»»

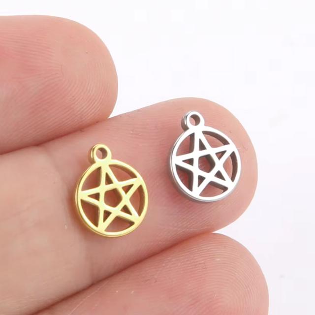 [ No.1 ]スモールステンレスチャームパーツ(五芒星)1個販売 星 穴あき 穴あり ペンダントトップ ネックレス ブレスレット アクセサリー ボディピアス イヤリング メンズ レディース 手作り 作る 製作 修理 部品 クラフト 金具
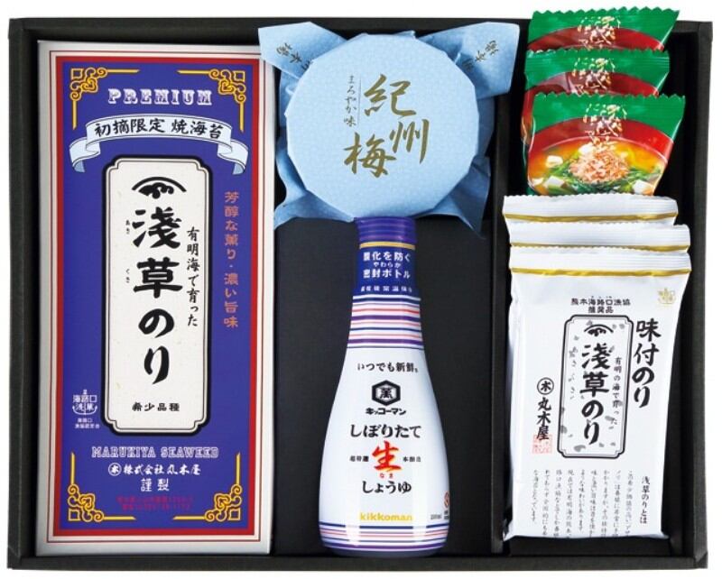商品内容:浅草焼のり(半切5枚2袋)・紀州南高梅100g・キッコーマンしぼりたて生しょうゆ200ml×各1、浅草味付けのり(8切8枚)・マルトモフリーズドライ味噌汁ほうれん草7.5g×各3
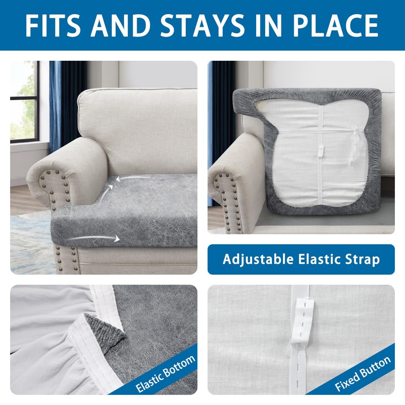 - FIRM FIT & EASY TO INSTALL: This cushion covers for couches and sofas fits perfectly. The elastic band at the bottom holds in place without shifting, keeping the sofa flat and beautiful, even with smooth leather sofa seat cushions. And the great elastic shower cap design allows you to easily remove or put the sofa cushion cover on when you need to wash them.
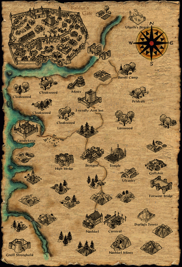 Это стандартный гайд Baldur’s Gate, прохождение подходит для enhanced edition полностью. Игра начинается в крепости Кэндклип: здесь герой может получить справку по игре (от людей в зелёных одеждах), научиться сражаться (в ближайшем от ворот здании сидит маг, способный создать иллюзию противников).
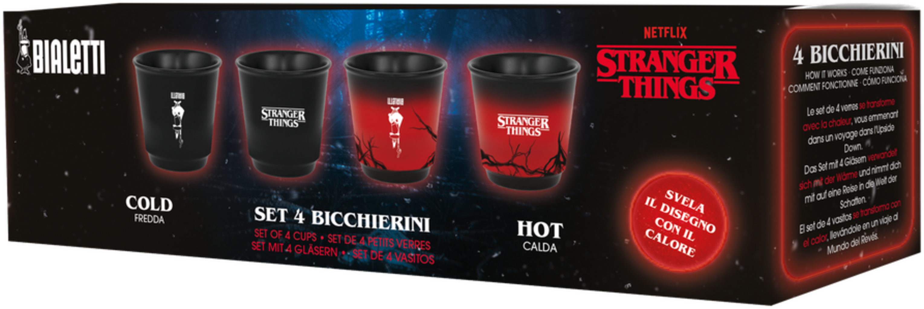 S kolekcijo "Stranger Things" postane priprava in pitje kave in drugih toplih napitkov posebna pustolovščina. Poleg fantastičnih motivov imajo vsi kosi termosenzibilne učinke, ki spreminjajo svoj videz, ko so napolnjeni s toplo tekočino, ali pa se v temi rdeče svetijo. Absolutni nepogrešljivi kosi za vse oboževalce kultne serije "Stranger Things" in seveda čudovito darilo.
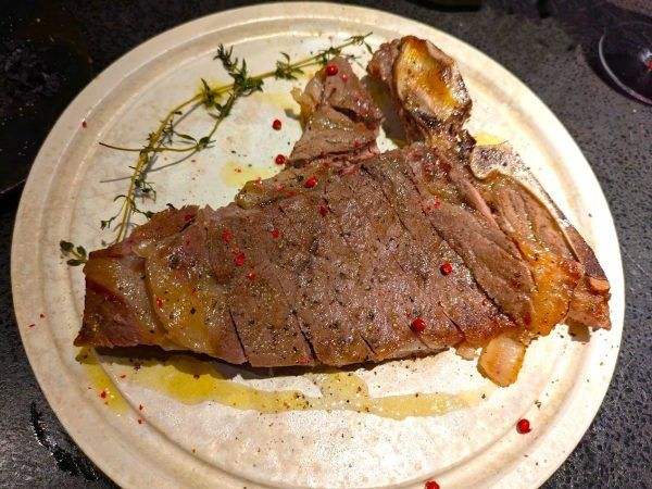 ステーキのソースは3種類で、手づくり葡萄ソース・岩塩・竹炭です。骨付きのワイルドさとジューシーな味わいのお肉にピッタリなソースです。ナチュラルワインに合う、ジャンルレスなお料理は面白くておいしいです。季節感を大切にした小皿もおいしく、アットホームな雰囲気も楽しいので、また来たくなるワインバーです。いいですね~。
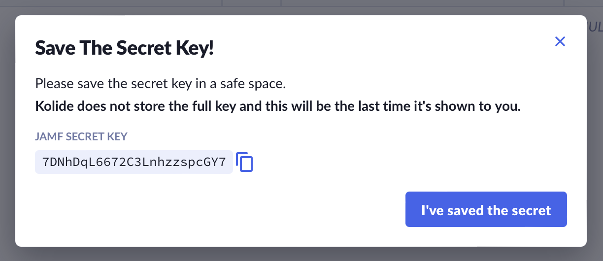 In Kolide’s case, this means you should see a form with a single field called “Management Secret”. Paste your secret key into this field and save.

««

*Task item*:
Set down the data again, exactly, without images.

*Task result*:
 [ No.1 ]スモールステンレスチャームパーツ(五芒星)1個販売 星 穴あき 穴あり ペンダントトップ ネックレス ブレスレット アクセサリー ボディピアス イヤリング メンズ レディース 手作り 作る 製作 修理 部品 クラフト 金具
商品内容:浅草焼のり(半切5枚2袋)・紀州南高梅100g・キッコーマンしぼりたて生しょうゆ200ml×各1、浅草味付けのり(8切8枚)・マルトモフリーズドライ味噌汁ほうれん草7.5g×各3
 - FIRM FIT & EASY TO INSTALL: This cushion covers for couches and sofas fits perfectly. The elastic band at the bottom holds in place without shifting, keeping the sofa flat and beautiful, even with smooth leather sofa seat cushions. And the great elastic shower cap design allows you to easily remove or put the sofa cushion cover on when you need to wash them.
 Это стандартный гайд Baldur’s Gate, прохождение подходит для enhanced edition полностью. Игра начинается в крепости Кэндклип: здесь герой может получить справку по игре (от людей в зелёных одеждах), научиться сражаться (в ближайшем от ворот здании сидит маг, способный создать иллюзию противников).
 S kolekcijo "Stranger Things" postane priprava in pitje kave in drugih toplih napitkov posebna pustolovščina. Poleg fantastičnih motivov imajo vsi kosi termosenzibilne učinke, ki spreminjajo svoj videz, ko so napolnjeni s toplo tekočino, ali pa se v temi rdeče svetijo. Absolutni nepogrešljivi kosi za vse oboževalce kultne serije "Stranger Things" in seveda čudovito darilo.
 ステーキのソースは3種類で、手づくり葡萄ソース・岩塩・竹炭です。骨付きのワイルドさとジューシーな味わいのお肉にピッタリなソースです。ナチュラルワインに合う、ジャンルレスなお料理は面白くておいしいです。季節感を大切にした小皿もおいしく、アットホームな雰囲気も楽しいので、また来たくなるワインバーです。いいですね~。
 In Kolide’s case, this means you should see a form with a single field called “Management Secret”. Paste your secret key into this field and save.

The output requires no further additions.